Tanaka, however, made Nagano’s center accessible to all citizens, getting rid of what he called “exclusionary vested-interest groups.”
“It is the individual journalist who must stand at the center of all kinds of reporting activities. This is the foundation of a society with a responsible approach to information and the press,” Tanaka stated. In a Q&A session following his declaration, dubious members of the conventional press - that were accustomed to access privileges - asked questions like whether they could get a guarantee that the governor would keep his word and hold press conferences upon request, and what he meant when he stated that press clubs were “a meltdown of the media.”
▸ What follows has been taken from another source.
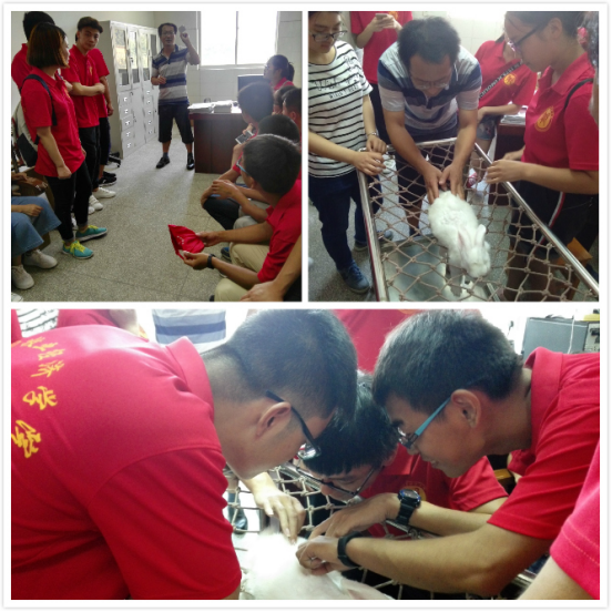 下午,队员们在华农员工干部的带领下来到动物医院进行动物针灸的实践教学活动。王德海老师首先向大家介绍了动物医院的接诊对象工作流程,这里不仅接诊常见的猫狗等小动物,同时也进行大动物的诊疗。队员们在王德海老师的带领下依次参观了化验室、影像室、手术室、住院部及针灸室。在动物医院走廊墙壁上,挂着许多宣传板,有动物的体表及穴位图,有猫狗等的解剖图,也有常见传染病的科普知识等,让同学们对动物穴位有了大致了解。然后王老师又带领大家来到了动物医院负一楼的住院部,这里分为普通病狗、传染病狗、猫三室。王老师利用问题引导员工思考、观察,又幽默风趣,同学们在欢快的氛围中对动物医院有了新的认识。基础知识普及后,王老师才带着大家进入到针灸室。王老师向大家科普了针灸的有关知识,并用真实案例向大家讲述了针灸的神奇疗效。为了使大家对针灸有进一步的认识,王老师详细地介绍了针灸的具体手法和实施步骤,用小白兔作为实验对象,为大家示范了针灸的具体操作。队员们都聚精会神的听着看着,摩拳擦掌,跃跃欲试。在王老师的鼓励下,所有的队员进行了针灸的实践操作,体验了一把中医的实践乐趣。

Perhaps the best summary of the conventional Japanese view of the press club is found in a 1999 article by Murray Sayle in the Japan Policy Research Institute (JPRI), in which he quoted journalist-cum-politician Nobuaki Hanoka:
The club system, Hanaoka said, was a notable triumph for Japanese journalists, the result of a hundred years of struggle against the secrecy of successive Japanese governments. ‘We have more than a 1,000 press clubs in Japan now,’ he said, ‘all frontline strongholds in the battle for news reporting. And what's more, they cost us journalists nothing!’ (They do indeed get a free room, desks, tea and telephones from their news source hosts.)
Recent Events
As the Iraq war broke out, Japanese media covered the Special Defense Forces working in Samawah. The FCCJ reported in a Jan. 26, 2004 article
that reporters from major Japanese media organizations sought out kisha club privileges in Iraq, while complaining that the government spokesmen insisted on confidentiality for the sake of the safety of SDF soldiers.
In March 2005, online media organization Livedoor became the first Net-based organization to request membership to a press club. Kyodo News, referring to the company as a “non-media entity,” reported that the club will soon discuss Livedoor’s possible membership to the Meteorological Agency, to which 43 media organizations and 144 reporters belong.